Начальник пожурил меня с болью в сердце и, почти извиняясь, сообщил, что вынужден был позвонить Троицкому. Я не мог обижаться на человека, выполнявшего свой долг, да и смешно было бы надеяться скрыть все это в крошечном Дождь-городке. Напоследок он сказал, что я должен уплатить двадцать три рубля за разбитую посуду. Я заплатил и немедленно был выпущен на волю.
Прощаясь, начальник милиции оглядел мою жалкую, понурую фигуру, выражавшую полное и чистосердечное раскаяние, и произнес с недоумением:
— Ну как же это вы? Ведь учитель!
Измятый и измученный, с отвратительно тяжелой, неповоротливой головой, шел я в школу, смутно соображая, как появлюсь в таком состоянии на уроке. Думать о предстоящем у меня просто не было сил.
Зато Тарас Федорович, как видно, не мог думать ни о чем другом. На его беду, я чувствовал себя настолько скверно, что не мог оценить этого полного торжества. Больше того, первое, что он сказал, только обрадовало меня.
— Можете не торопиться, — заявил он высокомерным тоном, — Борис Матвеевич дал указание к урокам вас не допускать.
Я почувствовал страшное успокоение. Уткнуться головой в подушку — это было все, о чем я мечтал.
— Завтра с утра явитесь к директору!
— Почему завтра? — спросил я неизвестно зачем.
— Потому что в таком виде он с вами разговаривать не желает.
Мне удалось сообразить, что слова «в таком виде» относятся ко мне.
— Ладно, приду.
— Докатились…
Слушать нотации было невмоготу. Я молча повернулся и пошел домой.
Дома я залез в холодную постель, накрылся сверх одеяла зимним пальто и перестал обо всем думать…
Утром собственное положение представилось мне очень ясным и наконец-то несложным. Я был разгромлен, взят в плен и должен был предстать перед трибуналом. Независимо от того, какие формы он примет — педсовета или месткома, — приговор несомненен: виновен и не заслуживает снисхождения. Оставалось одно — встретить приговор достойно.

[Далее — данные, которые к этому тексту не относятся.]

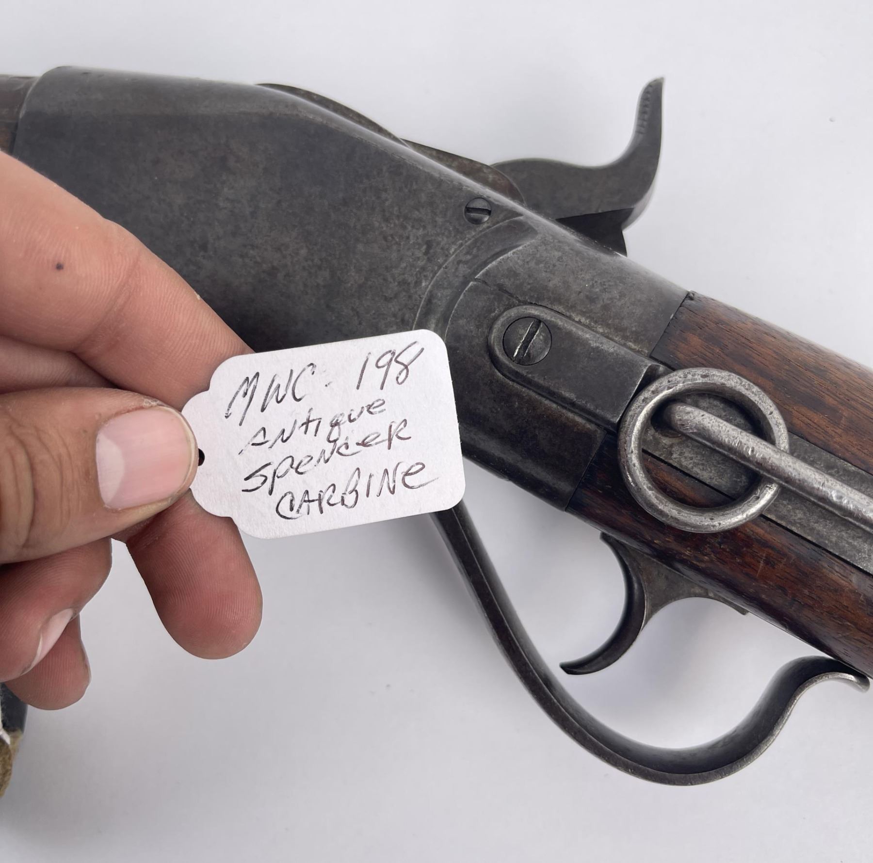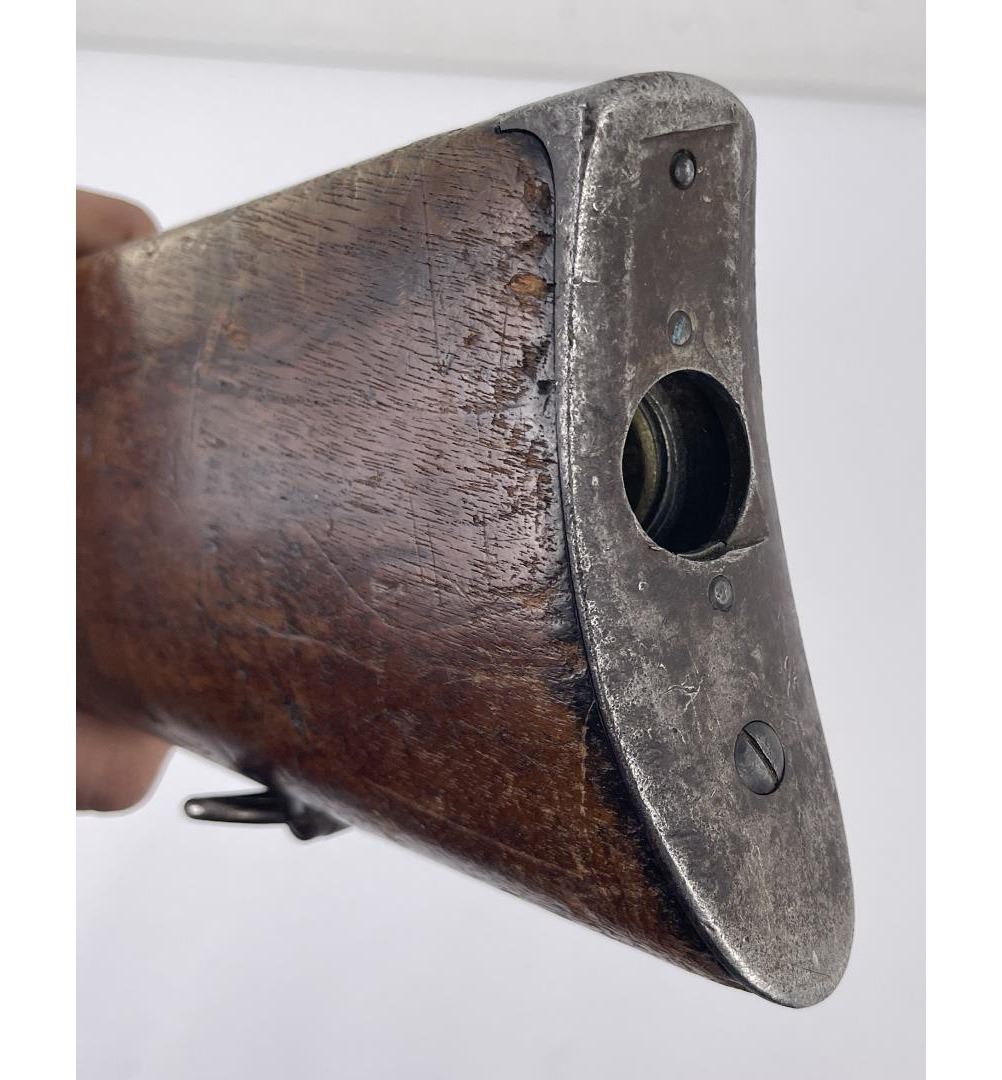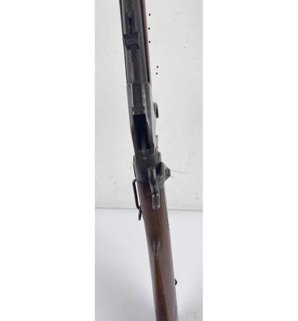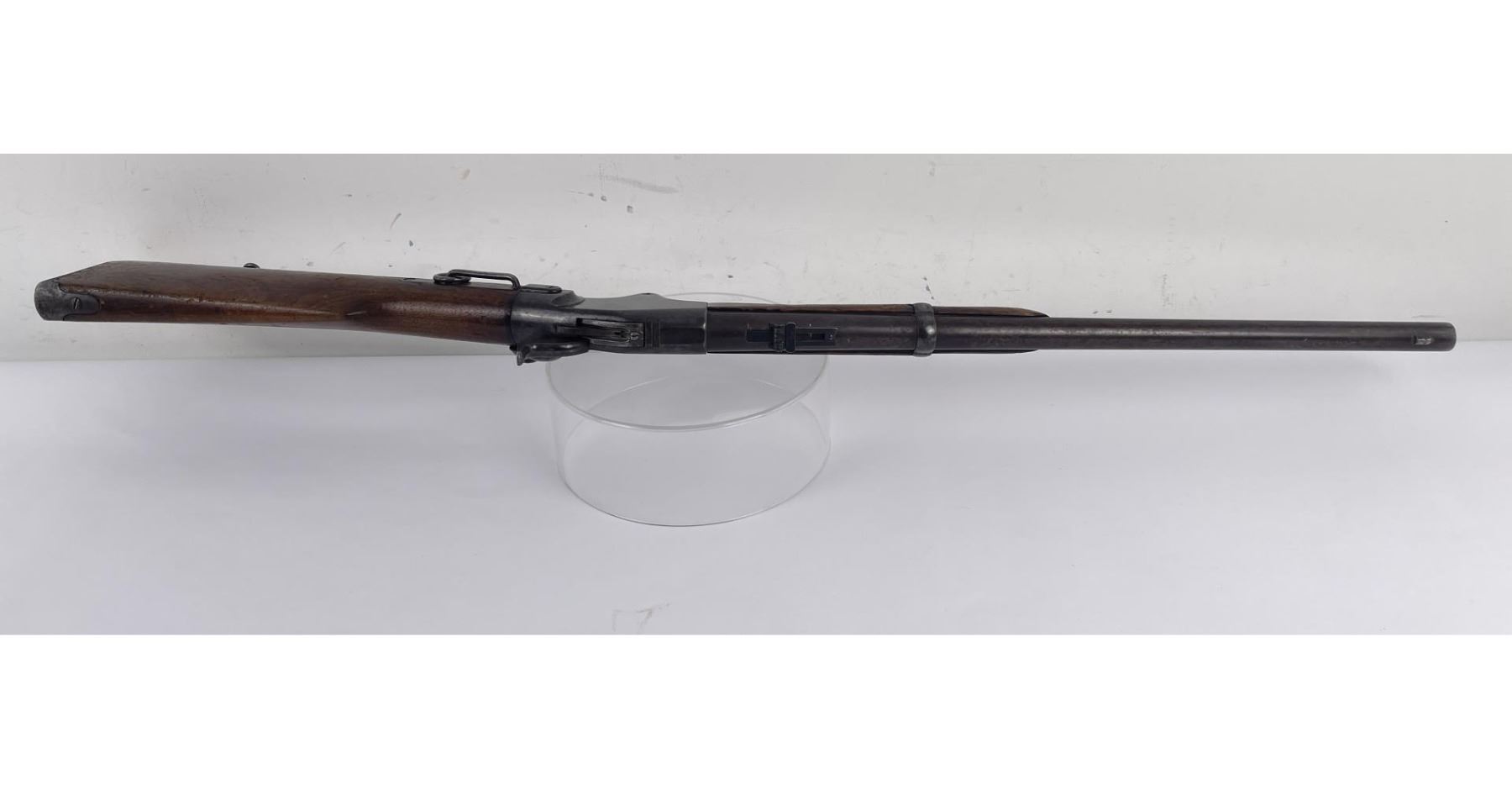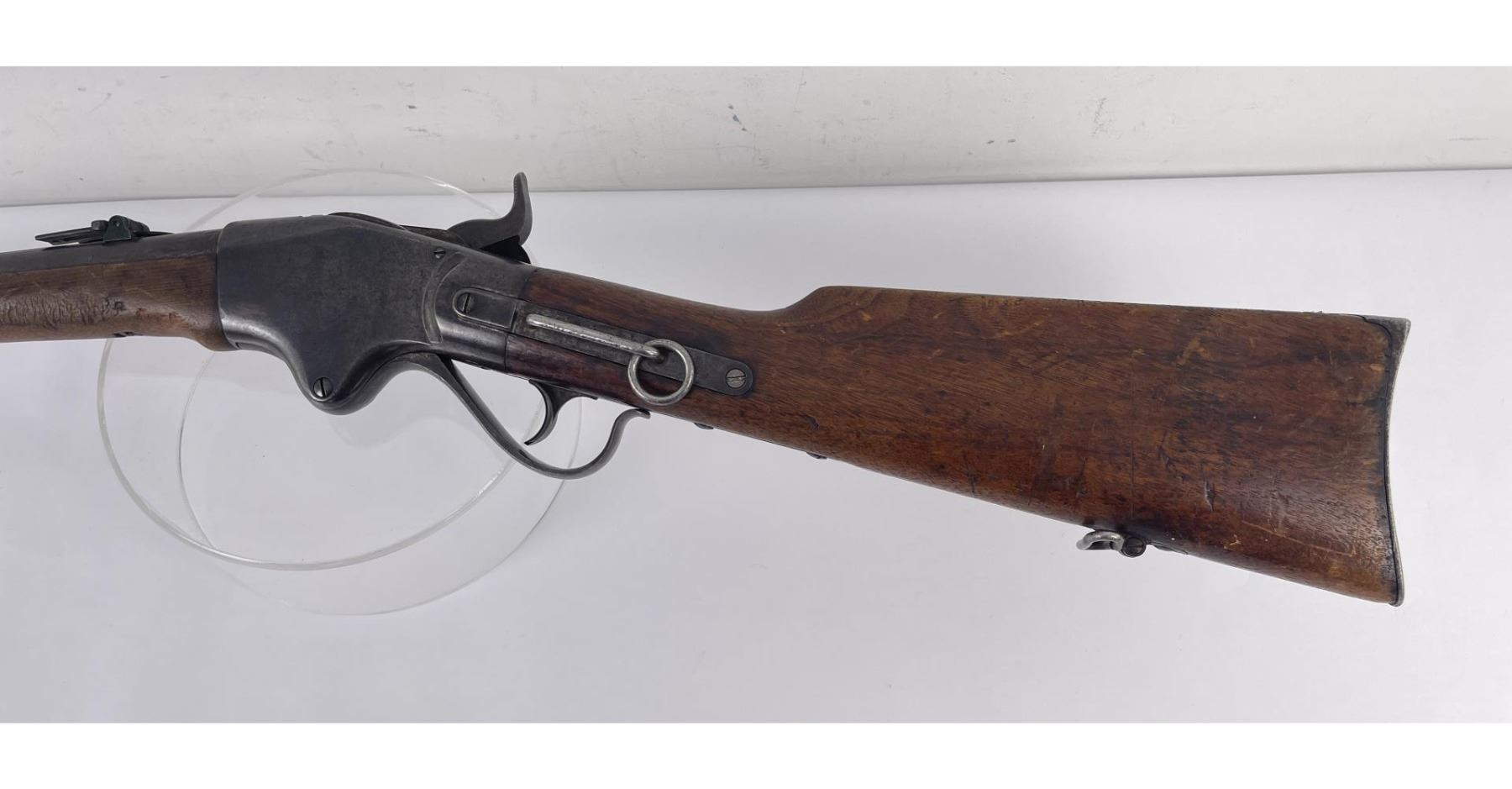 #16661 Made 1863-1865, Cal. 52 Rim Fire, Serial Number Range 11000 to 61000. Top of receiver stamped "Spencer Repeating Rifle Co., Boston, Mass. Pat’d March 6, 1860. A small, shallow inlet (for sight?) cut into top of receiver directly behind stamping. Barrel length 22" and does not appear to have been lined. Magazine Tube is not original and fits a little bit tight. (Packed separately) Shield with brass pins on right side of butt stock. No inspector Marks could be found. Action working. No FFL Transfer required.

Поэтому я тщательно побрился, умылся ледяной водой и, почти полностью восстановив потерянный облик, направился к Троицкому. На пороге кабинета я отметил, что волнуюсь меньше, чем в тот день, в августе, когда впервые взялся за ручку этой двери.
И все-таки ему удалось еще один, последний, раз удивить меня. Я ждал от директора чего-то триумфального, затмевающего простодушное ликование Тараса Федоровича. Но я лишний раз убедился, что Троицкий не зря руководит образцовой школой.
— Садитесь! — показал он мне рукой на стул.
Я сел и посмотрел на него. Передо мной сидел сухой, деловитый, немного усталый человек, вовсе не похожий на ту свинью, какой представлялся он мне в ресторане. Ни следа торжества не заметил я на его лице. Скорее, на нем была досада. «Я давно знал, чем все кончится, а ты, дурак, тянул, выкаблучивался и портил нервы и мне и себе!» Было видно, что теперь, когда неприятная история осталась наконец позади, он не испытывал ничего, кроме сожаления о потраченном времени и силах. И не хотел тратить на меня больше ни одной лишней минуты.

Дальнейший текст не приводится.